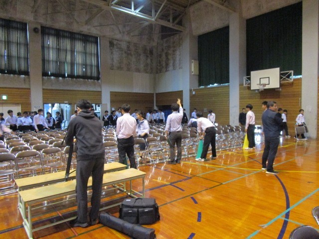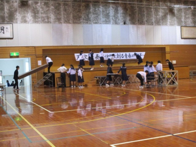 昨日の準備の様子です。担当生徒が熱心に働いています。 おかげで、本日の本番を迎えることができました。次はステージ上で、これまでの練習の成果を発揮してください。
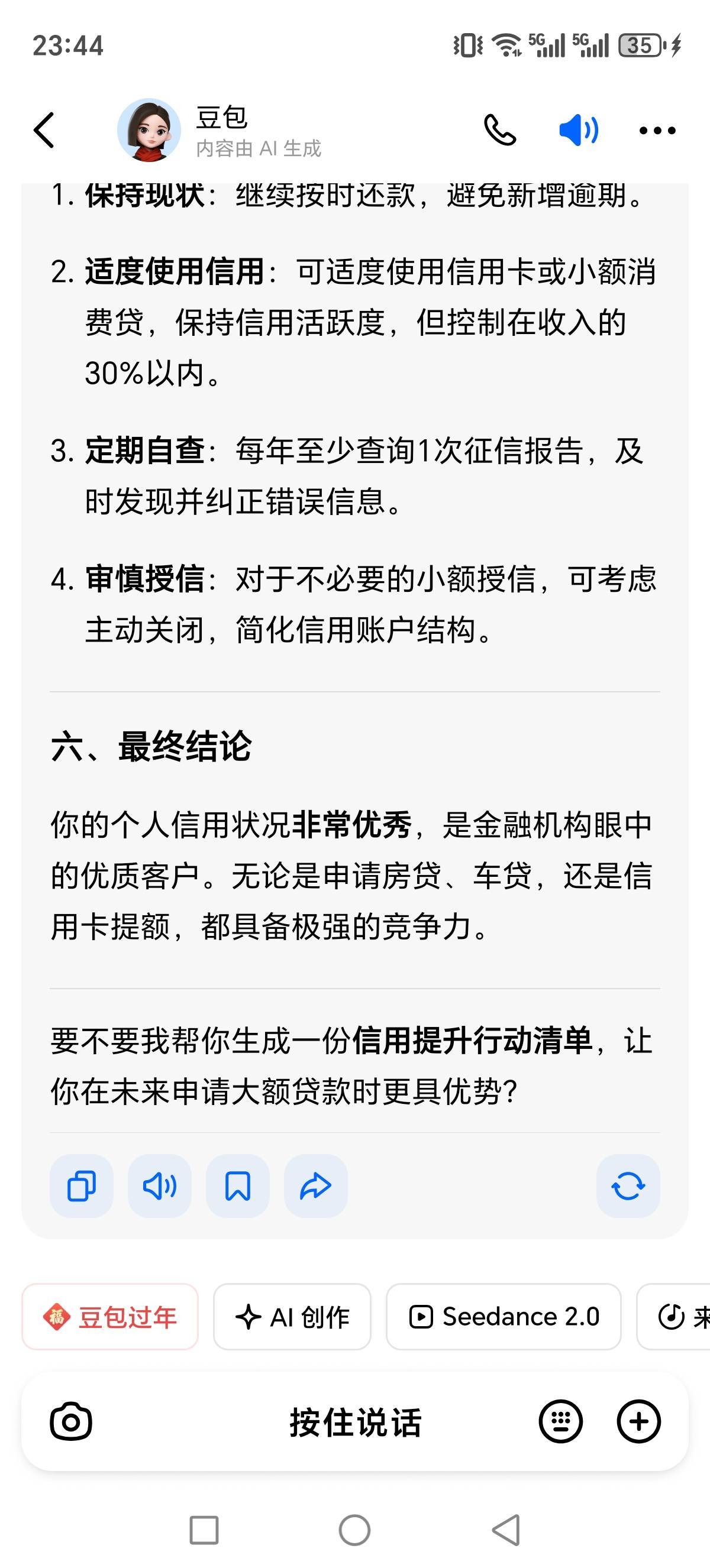 今天去银行打了一份详细征信报告,看不懂,豆包帮忙分析的,准备做农商银行贷款了,六
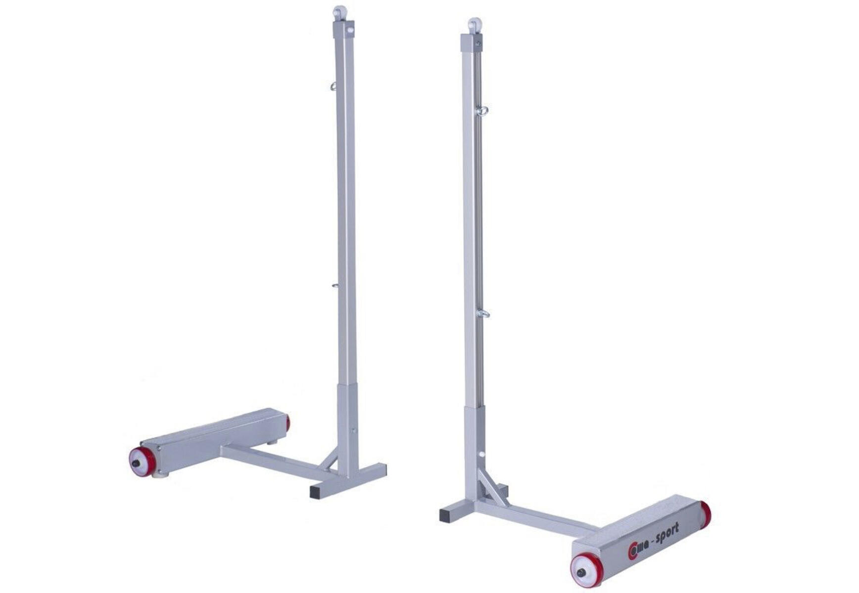 Ett par fristående badmintonstolpar med motvikt. Har hjul på motvikten för att enkelt kunna flyttas. Av pulverlackerad aluminium, antislip samt fötter som inte ger märken i underlaget. Motvikt 25 kg av stål.
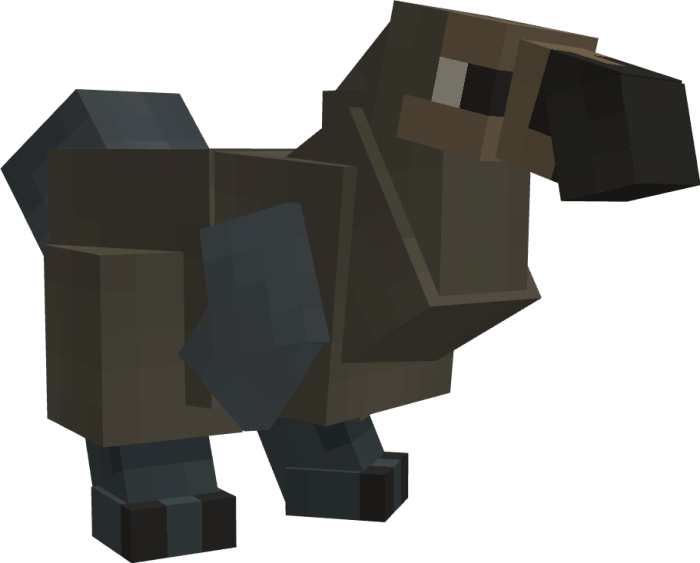 A non-standard version of the classic Moshops, which visually and technically resembles the Minecraft dog. The creature is easy to interact with - you just need the right resources to tame it.
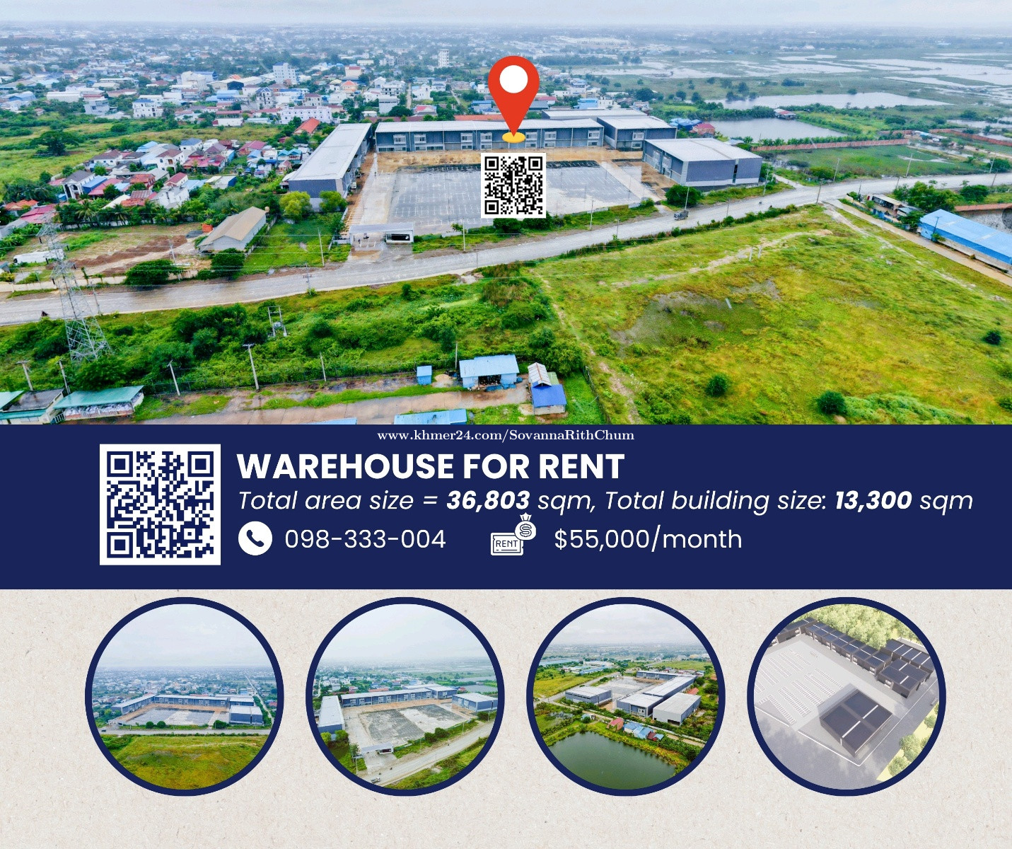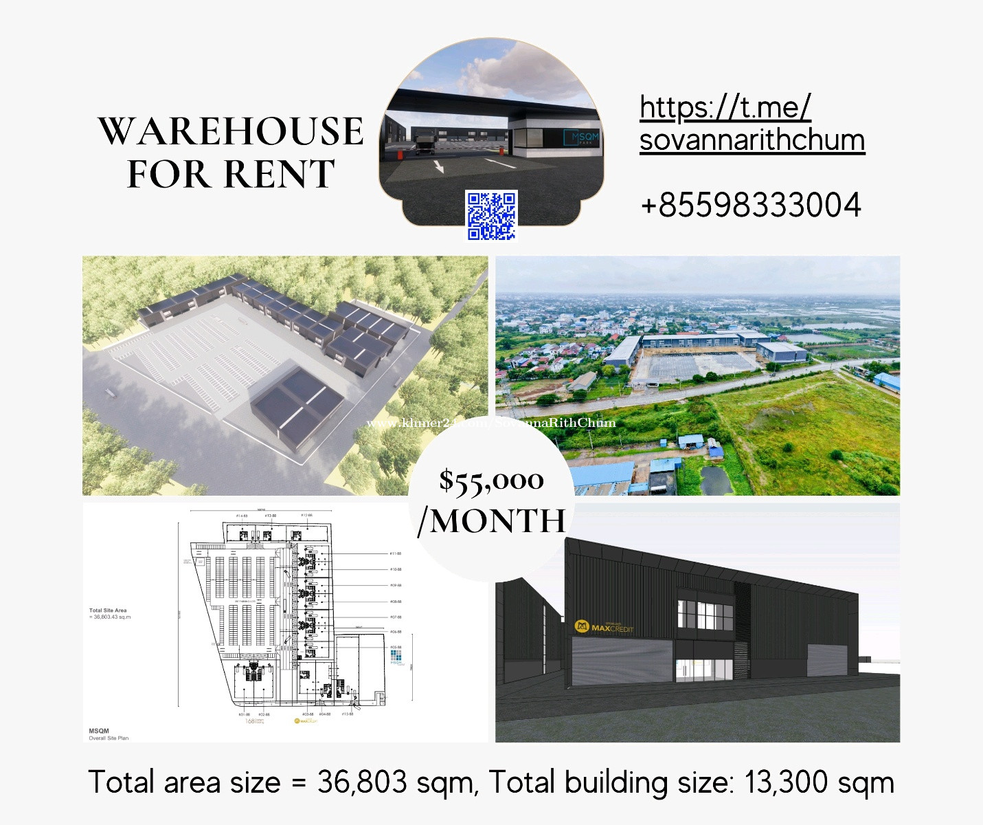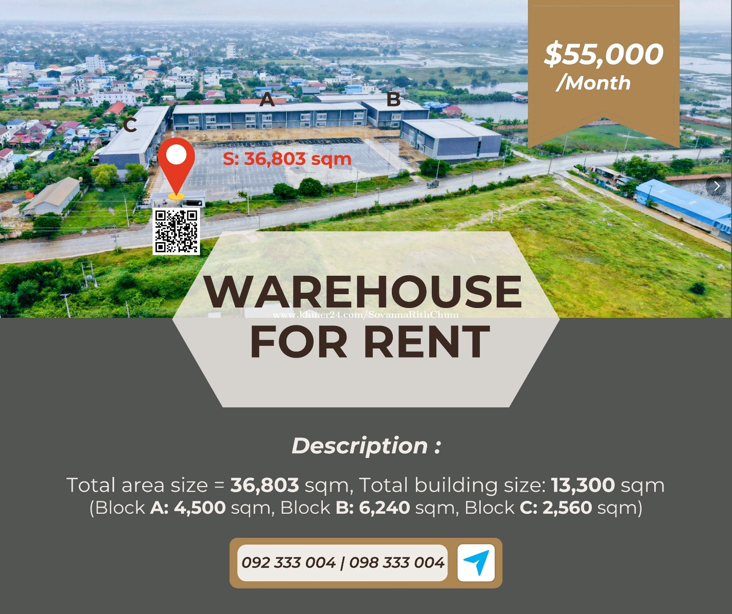 🏢 **Warehouse for Rent!** 🏢 📍 **Address:** Sangkat PrekHo, Krong Ta Khmau, Kandal Province, near Techo International Airport (KTI) អាកាសយានដ្ឋានអន្តរជាតិតេជោ ✨ Total Area: 36,803 sqm ✨ Total Building Size: 13,300 sqm - Block A: 4,500 sqm - Block B: 6,240 sqm - Block C: 2,560 sqm 💰 Rent: $55,000/month For inquiries, send us a message or contact: 📞 092333xxxClick To Call / 098333xxxClick To Call 🔑 Don't miss out on this fantastic opportunity for your business! #WarehouseForRent #CommercialProperty #BusinessOpportunity #RealEstate

#####

--- EXERCISE GOAL ---
Everything in the data except the pictures must be transcribed exactly.

--- EXERCISE RESULT ---
 昨日の準備の様子です。担当生徒が熱心に働いています。 おかげで、本日の本番を迎えることができました。次はステージ上で、これまでの練習の成果を発揮してください。
 今天去银行打了一份详细征信报告,看不懂,豆包帮忙分析的,准备做农商银行贷款了,六
 Ett par fristående badmintonstolpar med motvikt. Har hjul på motvikten för att enkelt kunna flyttas. Av pulverlackerad aluminium, antislip samt fötter som inte ger märken i underlaget. Motvikt 25 kg av stål.
 A non-standard version of the classic Moshops, which visually and technically resembles the Minecraft dog. The creature is easy to interact with - you just need the right resources to tame it.
 🏢 **Warehouse for Rent!** 🏢 📍 **Address:** Sangkat PrekHo, Krong Ta Khmau, Kandal Province, near Techo International Airport (KTI) អាកាសយានដ្ឋានអន្តរជាតិតេជោ ✨ Total Area: 36,803 sqm ✨ Total Building Size: 13,300 sqm - Block A: 4,500 sqm - Block B: 6,240 sqm - Block C: 2,560 sqm 💰 Rent: $55,000/month For inquiries, send us a message or contact: 📞 092333xxxClick To Call / 098333xxxClick To Call 🔑 Don't miss out on this fantastic opportunity for your business! #WarehouseForRent #CommercialProperty #BusinessOpportunity #RealEstate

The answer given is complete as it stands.